Security Council extends mandate
The Security Council has extended for 16 months the mandate of the United Nations expert panel monitoring compliance with sanctions against Somalia and Eritrea.
Security Council extends mandate of monitoring group for Somalia and Eritrea
The Security Council today extended for 16 months the mandate of the United Nations expert panel monitoring compliance with sanctions against Somalia and Eritrea, while further easing funding and equipment restrictions on the UN and European Union missions in the region.
In a resolution adopted this morning, the Council asked Secretary-General Ban Ki-moon to re-establish the eight-member Monitoring Group on Eritrea and Somalia until 25 November 2014.
The panel, which monitors compliance with the embargoes on the delivery of weapons and military equipment to Somalia and Eritrea, also investigates any seaport operations in Somalia that could generate revenue for the Islamist militant group known as Al-Shabaab that controls some Somali territory.
The Security Council in 1992 imposed an embargo on all deliveries of weapons and military equipment to Somalia. This past March, the Council partially lifted the weapons ban for one year to boost the Government’s capacity to protect areas recovered from the militant group Al-Shabaab and defend against fresh attempts by such groups to destabilize the country.
It decided that the arms embargo would not apply to arms or equipment sold or supplied solely for the development of the Government’s security forces, but it kept its restrictions in place on heavy weapons, such as surface-to-air missiles.
Today’s resolution reminds the Federal Government of Somalia that it is required to notify the Council’s sanctions committee at least five days in advance of any such deliveries and provide details of the transactions. Alternately, Member States delivering assistance could make the notification after informing the Government of its intentions in that regard.
The text decides that until 6 March 2014, the arms embargo on Somalia would not apply to weapons, military equipment, training or advice intended to develop Somalia’s security forces. Nor would it apply to military supplies and aid to the UN Assistance Mission in Somalia (UNISOM), African Union Mission in Somalia (AMISOM) and its strategic partners, the EU Training Mission in Somalia (EUTM) or to Member States and organizations working to combat piracy off the coast of Somalia.
The 15-member Council also expresses its “deep concern” at reports of continuing violations of the charcoal ban by Member States and stresses that it is willing to take action against those violate the ban.
It also reiterates that a charcoal export ban applies to all charcoal from Somalia, whether or not it originated in the country, and requested AMISOM to support and assist Somali authorities in preventing the export of charcoal from the country.

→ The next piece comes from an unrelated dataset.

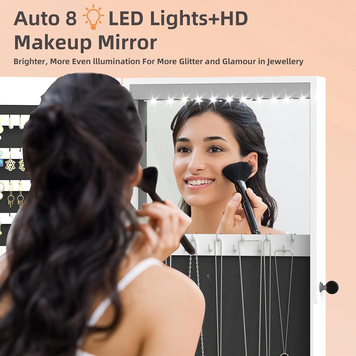 RQZ Product image 8 LEDs Mirror Jewelry Cabinet, Large Jewelry Armoire Organizer, Wall or Door Mounted Lockable Jewelry Storage with Interior Mirror, Large Capacity Storage (47.4″ H)

In addition, the resolution includes language renewing a humanitarian exemption until 25 October 2014. The exemption is for “payment of funds, other financial assets or economic resources necessary to ensure the timely deliver of urgently needed humanitarian assistance in Somalia” by the UN and its implementing partners.
The text also encourages the Federal Government to mitigate the risk of the petroleum sector becoming a “source of increased tension”.
The Council also “expresses its serious concern” at reports of misappropriation so Somalia’s public resources given President Hassan Sheikh Mohamud’s commitment to improve public financial management.
Council members encouraged the Government “to address corruption and hold perpetrators accountable,” and reiterated their willingness to take action against individuals involved in misappropriation of public resources.